ABOUT THIS EXERCISE —
No pictures belong in the copy. Retype exactly, and only, the stretch of lines below from the one with "圖6:2017年7月10日拍" through the one with "Экран в этом".

PROVIDED MATERIAL —

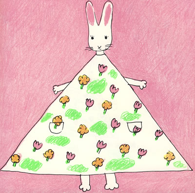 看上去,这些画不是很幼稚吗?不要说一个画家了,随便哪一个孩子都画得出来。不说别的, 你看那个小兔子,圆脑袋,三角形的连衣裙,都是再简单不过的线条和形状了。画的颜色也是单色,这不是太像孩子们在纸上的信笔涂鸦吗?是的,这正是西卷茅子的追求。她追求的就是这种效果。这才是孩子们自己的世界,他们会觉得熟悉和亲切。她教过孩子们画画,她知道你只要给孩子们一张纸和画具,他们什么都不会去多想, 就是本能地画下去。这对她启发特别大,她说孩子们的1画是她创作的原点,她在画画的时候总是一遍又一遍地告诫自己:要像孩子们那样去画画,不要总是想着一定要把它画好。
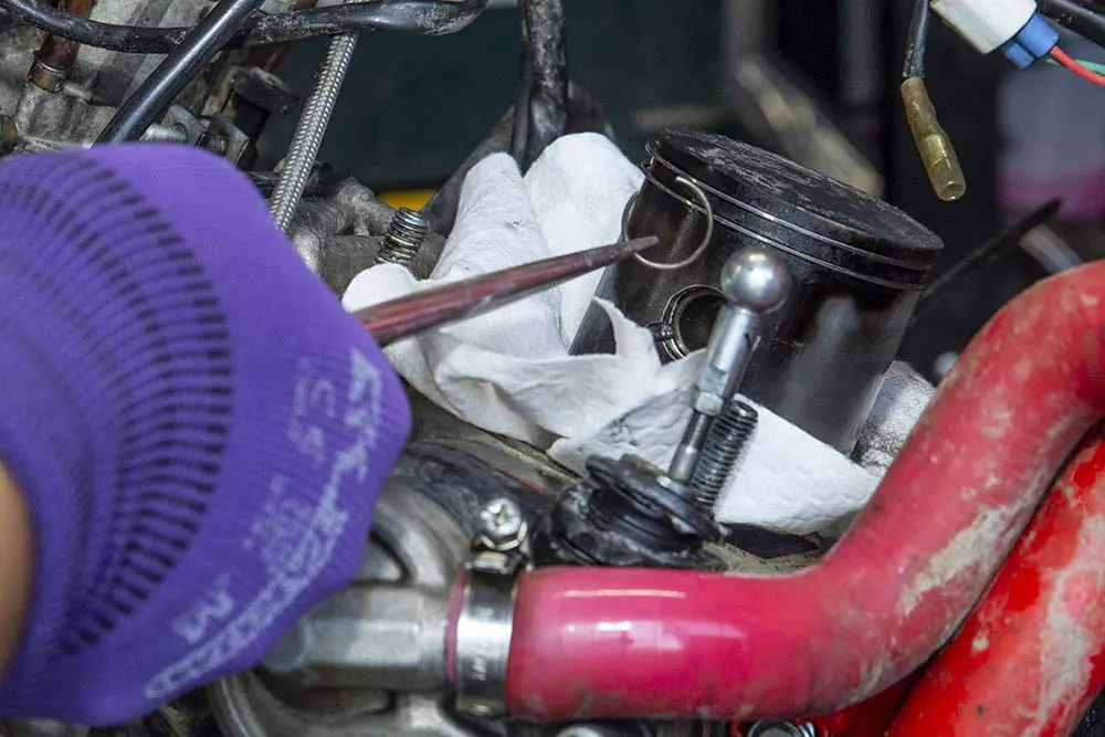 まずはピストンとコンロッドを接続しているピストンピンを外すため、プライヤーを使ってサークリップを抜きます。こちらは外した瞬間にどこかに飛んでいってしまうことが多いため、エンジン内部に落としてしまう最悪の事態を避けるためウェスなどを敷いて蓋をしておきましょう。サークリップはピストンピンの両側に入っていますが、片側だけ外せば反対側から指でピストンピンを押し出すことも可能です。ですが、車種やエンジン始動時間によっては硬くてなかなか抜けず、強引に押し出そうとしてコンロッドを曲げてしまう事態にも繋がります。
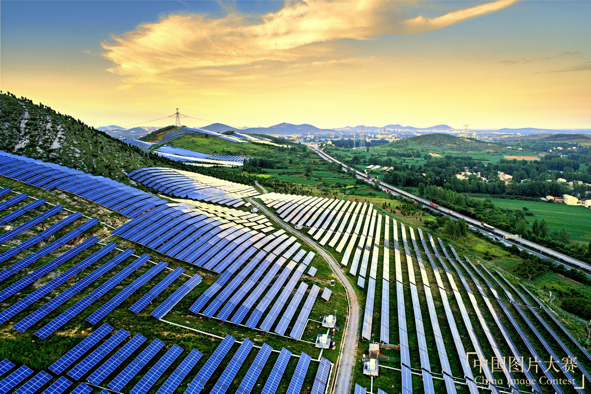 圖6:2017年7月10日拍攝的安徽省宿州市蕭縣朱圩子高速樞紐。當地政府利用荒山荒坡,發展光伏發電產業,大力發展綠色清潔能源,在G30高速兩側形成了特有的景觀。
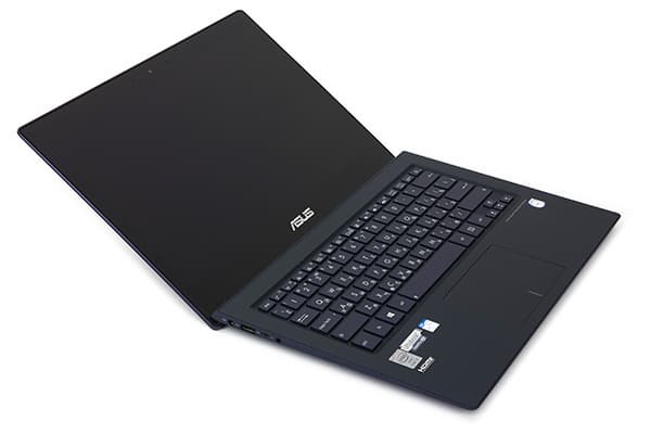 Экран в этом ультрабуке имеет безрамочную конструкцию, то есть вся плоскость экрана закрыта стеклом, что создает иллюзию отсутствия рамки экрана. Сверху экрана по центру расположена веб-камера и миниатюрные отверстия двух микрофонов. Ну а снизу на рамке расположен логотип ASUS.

---

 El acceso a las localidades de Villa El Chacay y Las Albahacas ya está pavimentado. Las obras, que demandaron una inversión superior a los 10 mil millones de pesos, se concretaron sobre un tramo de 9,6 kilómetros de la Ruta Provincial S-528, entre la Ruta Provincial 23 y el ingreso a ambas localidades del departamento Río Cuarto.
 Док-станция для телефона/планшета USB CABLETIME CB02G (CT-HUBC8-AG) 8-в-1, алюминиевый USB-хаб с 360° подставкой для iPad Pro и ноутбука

ANSWER BOX —
 圖6:2017年7月10日拍攝的安徽省宿州市蕭縣朱圩子高速樞紐。當地政府利用荒山荒坡,發展光伏發電產業,大力發展綠色清潔能源,在G30高速兩側形成了特有的景觀。
 Экран в этом ультрабуке имеет безрамочную конструкцию, то есть вся плоскость экрана закрыта стеклом, что создает иллюзию отсутствия рамки экрана. Сверху экрана по центру расположена веб-камера и миниатюрные отверстия двух микрофонов. Ну а снизу на рамке расположен логотип ASUS.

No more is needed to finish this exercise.